After the Brexit referendum there were concerns by some that leaving the EU would lead to the “bonfire of health and safety regulations” that David Cameron had threatened in 2010 when he was prime minister. At Effective, we took a look at the possible consequences for Health and Safety in our webinar. Other commentators believed that standards in the UK would remain high, as the UK have led the way in workplace safety since the 19th century. The Great Reform Bill, it was promised, would incorporate all the EU rules that would otherwise be lost on Brexit day, maintaining health and safety standards for workers.
During the last few months parliament has debated and pulled apart, clause by clause, various aspects of EU regulation to work out what must be included in the bill, now named the EU (Withdrawal) Bill. There has been much misreporting – for example, the accusation that MPs didn’t think animals could suffer from pain or distress, when the real story was that national law was already so far ahead of EU laws on animal protection (for example, bull-fighting is forbidden) that additional rules did not need to be copied across. But what has been happening with health and safety law?
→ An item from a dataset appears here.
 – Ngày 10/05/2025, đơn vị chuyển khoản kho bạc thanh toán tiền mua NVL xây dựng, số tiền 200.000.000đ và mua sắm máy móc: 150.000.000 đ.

The government’s preference is for health and safety rules, along with employment rights, environmental protection and consumer standards to be included in the EU (Withdrawal) Bill in a way that makes it easy for the government to “adjust” rules at a later date, without necessarily needing to have the agreement of Parliament. This makes use of the so-called Henry VIII clauses, introduced into the parliamentary process in 1539 to give the English King powers to change law “by proclamation” instead of requiring parliament’s agreement.
Sometimes it makes sense to allow primary legislation to be adjusted in this way, for example for technical issues, without the time and expense of a parliamentary debate. In November 2017, the opposition proposed an amendment that any changes to health and safety law, or to other issues in the EU Charter of fundamental rights, should require full parliamentary scrutiny. The debate was tightly fought, and the final outcome was 301 in favour of the amendment – and 311 in favour of giving the government the right to change health and safety and other rights through proclamation.
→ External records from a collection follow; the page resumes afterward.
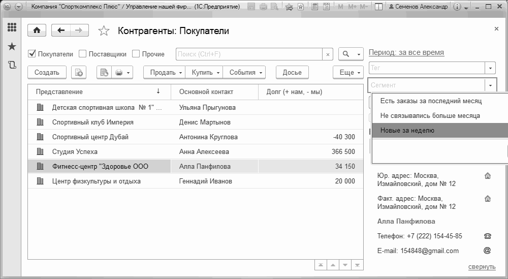 Под сегментами понимаются группы покупателей, выделенные по каким-либо признакам: принадлежности к определенному региону, виду деятельности, размеру, дате последнего взаимодействия, менеджеру, объему продаж и так далее. В программе "1С:Управление нашей фирмой 8" сегментирование реализовано в виде справочника который представляет собой пополняемый набор определенных заранее отборов которыми можно воспользоваться из списка контрагентов. Например, выбрав покупателей, не совершивших покупок в течение месяца можно подготовить список к обзвону или для массовой рассылки.
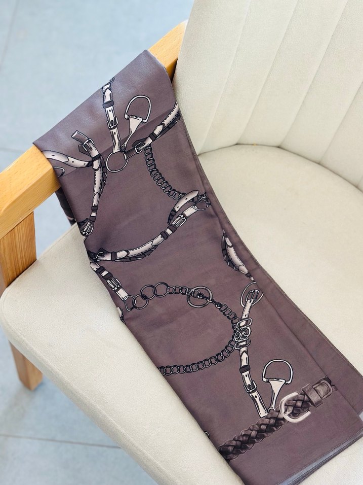 Kahverengi, ipeksi kumaştan yapılmış bu kadın fular, çağdaş zincir detaylarıyla trend belirleyenler için şık ve öncü bir görünüm sunar.
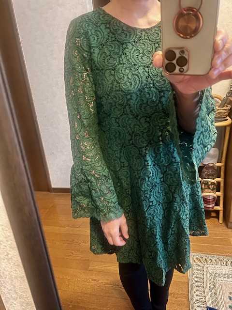 緑のレースチュニック、黒スパッツ、黒靴下、紺のレインシューズ。黒・白のジャンバー。
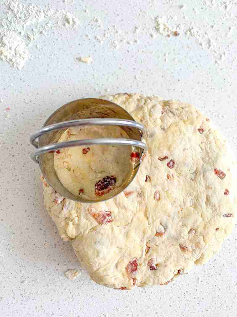 - Use a small biscuit cutter to cut out 5-6 biscuits using a straight up and down motion, don’t twist the cutter when cutting them out.

This does not mean that health and safety laws will be reduced post-Brexit. In the wake of Grenfell, there is little appetite for reducing protection to the public at least. But it does reduce the power of the British parliament to scrutinise any changes to EU-derived health and safety law which the government might wish to make. This could affect issues such as personal protective equipment (PPE), manual handling, welfare requirements and work equipment.
However, we can be reassured that one key protection cannot be changed without full parliamentary scrutiny. The requirement of the 1974 Health and Safety at Work Act that employers and other responsible people must ensure the safety of employees and others, so far as is reasonably practicable, predates the influence of EU Regulation, and has remained unchanged for over forty years. That, at least, is unlikely.